A newly open-sourced TTS voice model! 25ms ultra-low latency supports real-time conversations, and 4 specifications are suitable for all scenarios!

Explore the latest open source TTS technology and experience the perfect combination of real-time conversation and emotional expression.
Core content:
1. The unique advantages and technical highlights of the Orpheus TTS model
2. Support for full-scenario applications of zero-sample voice cloning and emotional control
3. Quick deployment and online experience guide
In the field of TTS, the naturalness and real-time performance of emotional expression have always been two major challenges. Traditional models often have difficulty balancing latency and voice quality.

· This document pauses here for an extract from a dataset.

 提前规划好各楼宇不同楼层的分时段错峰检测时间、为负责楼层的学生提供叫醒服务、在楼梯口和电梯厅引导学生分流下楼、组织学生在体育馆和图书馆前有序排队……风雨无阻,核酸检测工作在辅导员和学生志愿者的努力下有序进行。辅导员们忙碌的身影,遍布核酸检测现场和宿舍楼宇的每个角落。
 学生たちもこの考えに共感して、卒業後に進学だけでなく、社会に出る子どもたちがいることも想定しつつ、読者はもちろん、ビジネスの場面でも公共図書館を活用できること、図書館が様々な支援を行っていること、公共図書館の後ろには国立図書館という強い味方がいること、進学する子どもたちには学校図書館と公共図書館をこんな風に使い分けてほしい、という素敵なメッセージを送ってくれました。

In the past two years, TTS models have been developing better and better, and more and more comprehensive TTS models have been launched.
Orpheus TTS is a newly released open source TTS model. It has quickly become the focus of the open source community for its natural emotional expression close to that of humans, ultra-low latency real-time output, and powerful zero-sample voice cloning capabilities.

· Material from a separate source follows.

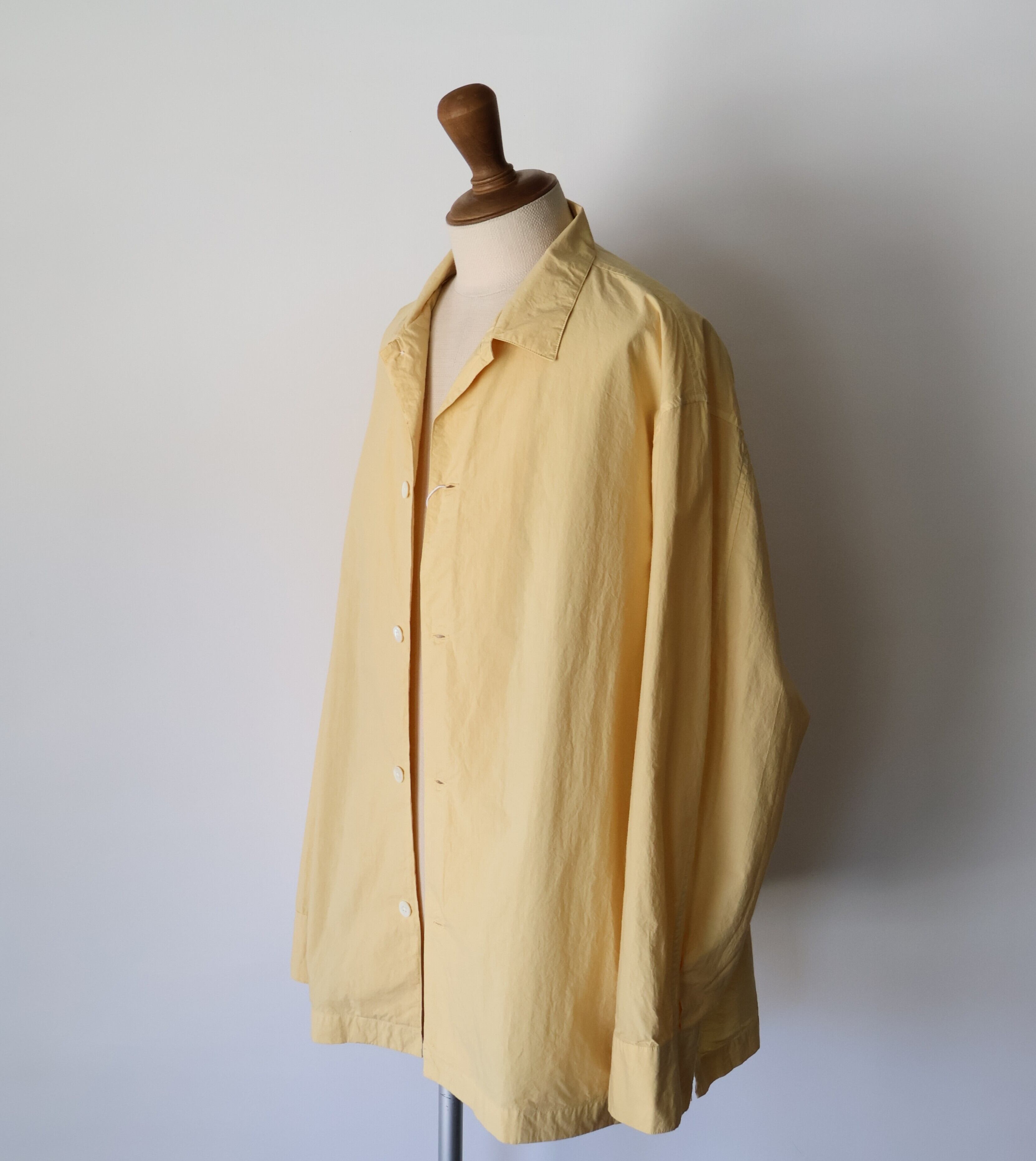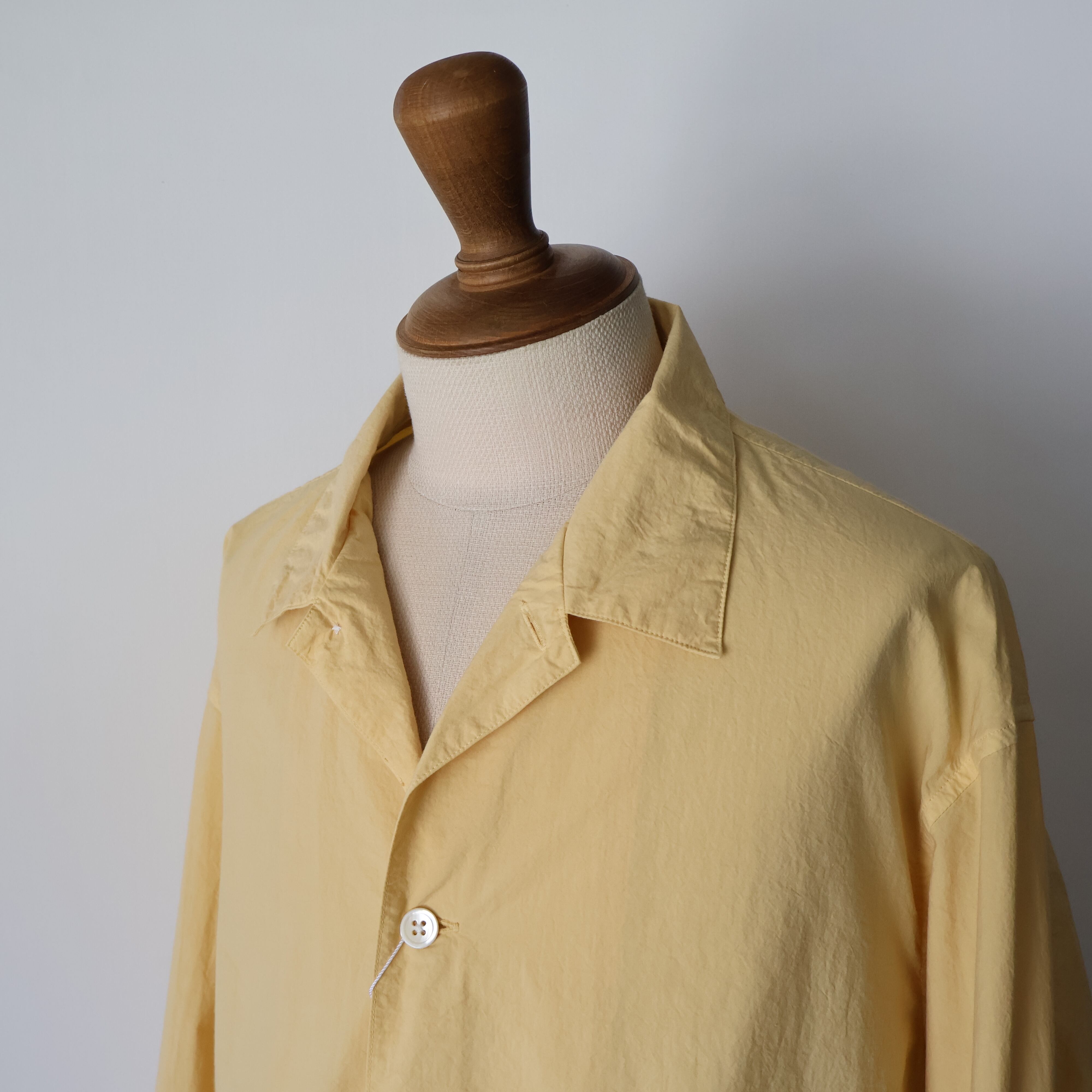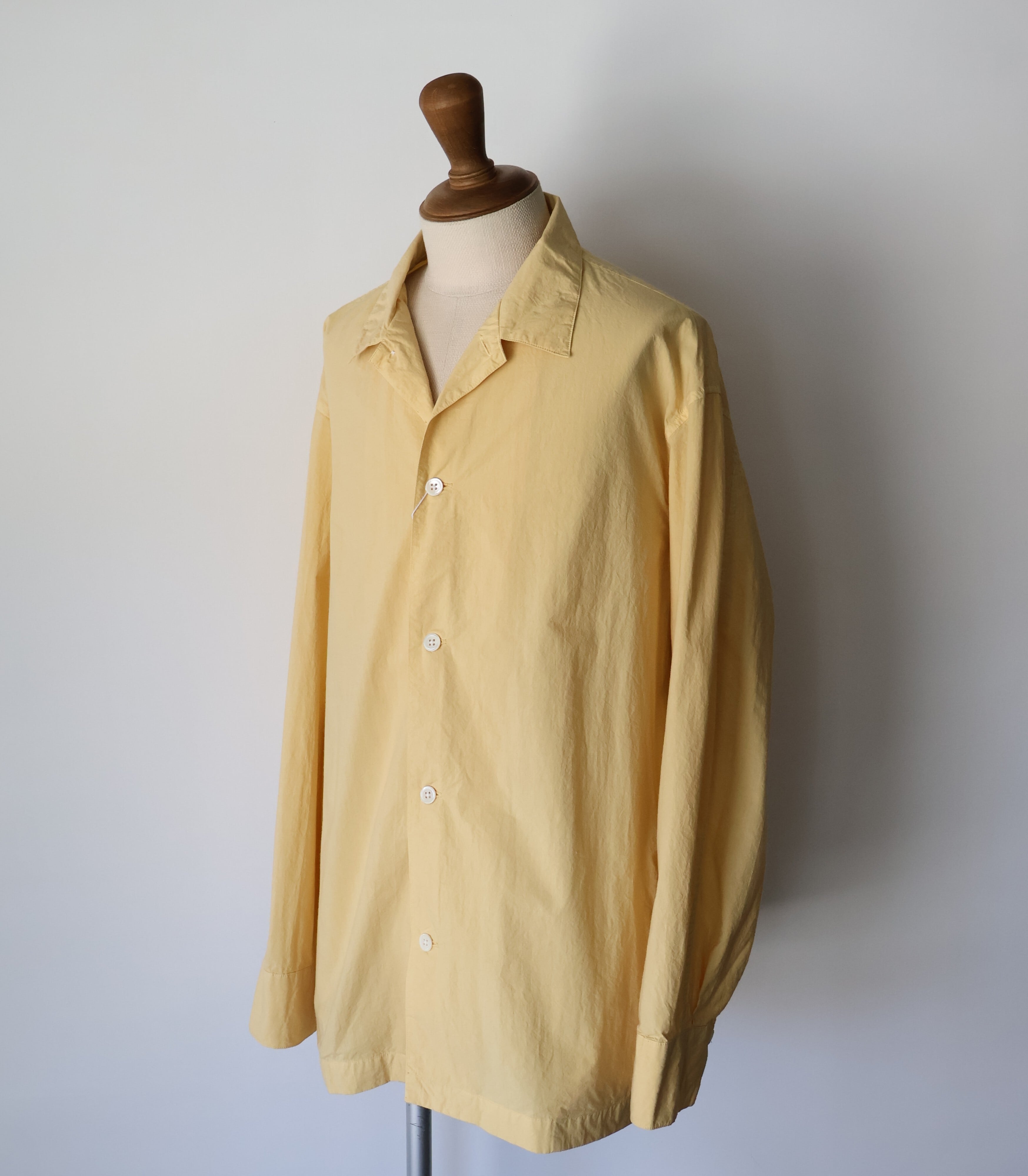 コットンシルクの混紡糸を使用して織られた生地をワッシャーにより柔らかくした生地を使用して製品染をしたオープンカラーのL/Sシャツになります。

Not only does it generate smooth, natural, and emotional sound, it also compresses latency to an amazing 25-50 milliseconds, perfectly suited for real-time conversation scenarios.
It also provides four models with parameters ranging from 150M to 3B to meet the needs of different scenarios. It supports zero-sample voice cloning and flexible emotional control, allowing everyone to easily customize their own voice.
Key highlights
• Ultra-low latency : supports real-time streaming inference, with latency as low as about 200 milliseconds, and can be reduced to 25-50 milliseconds through compression • Natural emotional expression : Supports rich emotions and tone control, including happiness, sadness, anger, sleepiness, etc. • Zero-sample voice cloning : No pre-training required, just provide reference audio to clone the target voice • Provides 4 model sizes : Medium (3B), Small (1B), Tiny (400M), Nano (150M) • End-to-end speech generation : Not yet available, but once available, it will improve speech naturalness, controllability, and generation speed
Quick Use
Orpheus TTS has a simple installation and usage process and supports local deployment.
If you want to experience the TTS tool directly, there is also an online demo available on the HF platform (magic is required).
Online Demo:
https://huggingface.co/spaces/MohamedRashad/Orpheus-TTS
Local deployment steps:
① Clone project
git clone https://github.com/canopyai/Orpheus-TTS.git
cd Orpheus-TTS
② Installation dependencies
pip install orpheus-speech
③ Python call example
from orpheus_tts import OrpheusModel
import wave
import time
model = OrpheusModel(model_name = "canopylabs/orpheus-tts-0.1-finetune-prod" )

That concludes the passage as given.